== INPUT DATA ==

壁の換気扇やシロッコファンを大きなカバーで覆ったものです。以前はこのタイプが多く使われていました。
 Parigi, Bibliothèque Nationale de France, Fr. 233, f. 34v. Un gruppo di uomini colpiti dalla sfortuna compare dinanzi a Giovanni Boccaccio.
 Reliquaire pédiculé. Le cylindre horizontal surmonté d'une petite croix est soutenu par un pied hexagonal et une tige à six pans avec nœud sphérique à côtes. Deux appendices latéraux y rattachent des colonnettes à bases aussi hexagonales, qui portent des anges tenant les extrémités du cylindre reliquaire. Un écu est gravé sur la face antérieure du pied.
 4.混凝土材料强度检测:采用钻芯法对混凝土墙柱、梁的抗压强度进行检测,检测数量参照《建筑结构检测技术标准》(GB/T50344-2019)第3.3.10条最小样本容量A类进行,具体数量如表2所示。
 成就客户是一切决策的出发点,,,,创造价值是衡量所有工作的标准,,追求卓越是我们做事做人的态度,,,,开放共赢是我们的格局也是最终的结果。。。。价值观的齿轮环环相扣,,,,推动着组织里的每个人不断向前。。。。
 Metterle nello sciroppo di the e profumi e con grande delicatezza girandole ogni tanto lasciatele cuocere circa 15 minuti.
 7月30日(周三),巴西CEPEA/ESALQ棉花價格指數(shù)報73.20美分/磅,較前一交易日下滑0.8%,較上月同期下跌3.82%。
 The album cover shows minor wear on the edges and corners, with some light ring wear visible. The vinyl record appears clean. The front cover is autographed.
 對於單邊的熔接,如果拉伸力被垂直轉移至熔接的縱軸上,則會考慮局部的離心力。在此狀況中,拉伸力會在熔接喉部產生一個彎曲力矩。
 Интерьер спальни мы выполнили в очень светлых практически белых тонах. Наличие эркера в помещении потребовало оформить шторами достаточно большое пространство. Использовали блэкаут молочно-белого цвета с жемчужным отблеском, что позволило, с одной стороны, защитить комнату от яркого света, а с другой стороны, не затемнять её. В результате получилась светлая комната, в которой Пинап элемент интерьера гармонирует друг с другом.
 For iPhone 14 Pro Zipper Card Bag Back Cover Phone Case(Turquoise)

===

_TASK BRIEF_
Without leaving anything out, retype the material exactly.

_RESULT FOR THIS TASK_
壁の換気扇やシロッコファンを大きなカバーで覆ったものです。以前はこのタイプが多く使われていました。
 Parigi, Bibliothèque Nationale de France, Fr. 233, f. 34v. Un gruppo di uomini colpiti dalla sfortuna compare dinanzi a Giovanni Boccaccio.
 Reliquaire pédiculé. Le cylindre horizontal surmonté d'une petite croix est soutenu par un pied hexagonal et une tige à six pans avec nœud sphérique à côtes. Deux appendices latéraux y rattachent des colonnettes à bases aussi hexagonales, qui portent des anges tenant les extrémités du cylindre reliquaire. Un écu est gravé sur la face antérieure du pied.
 4.混凝土材料强度检测:采用钻芯法对混凝土墙柱、梁的抗压强度进行检测,检测数量参照《建筑结构检测技术标准》(GB/T50344-2019)第3.3.10条最小样本容量A类进行,具体数量如表2所示。
 成就客户是一切决策的出发点,,,,创造价值是衡量所有工作的标准,,追求卓越是我们做事做人的态度,,,,开放共赢是我们的格局也是最终的结果。。。。价值观的齿轮环环相扣,,,,推动着组织里的每个人不断向前。。。。
 Metterle nello sciroppo di the e profumi e con grande delicatezza girandole ogni tanto lasciatele cuocere circa 15 minuti.
 7月30日(周三),巴西CEPEA/ESALQ棉花價格指數(shù)報73.20美分/磅,較前一交易日下滑0.8%,較上月同期下跌3.82%。
 The album cover shows minor wear on the edges and corners, with some light ring wear visible. The vinyl record appears clean. The front cover is autographed.
 對於單邊的熔接,如果拉伸力被垂直轉移至熔接的縱軸上,則會考慮局部的離心力。在此狀況中,拉伸力會在熔接喉部產生一個彎曲力矩。
 Интерьер спальни мы выполнили в очень светлых практически белых тонах. Наличие эркера в помещении потребовало оформить шторами достаточно большое пространство. Использовали блэкаут молочно-белого цвета с жемчужным отблеском, что позволило, с одной стороны, защитить комнату от яркого света, а с другой стороны, не затемнять её. В результате получилась светлая комната, в которой Пинап элемент интерьера гармонирует друг с другом.
 For iPhone 14 Pro Zipper Card Bag Back Cover Phone Case(Turquoise)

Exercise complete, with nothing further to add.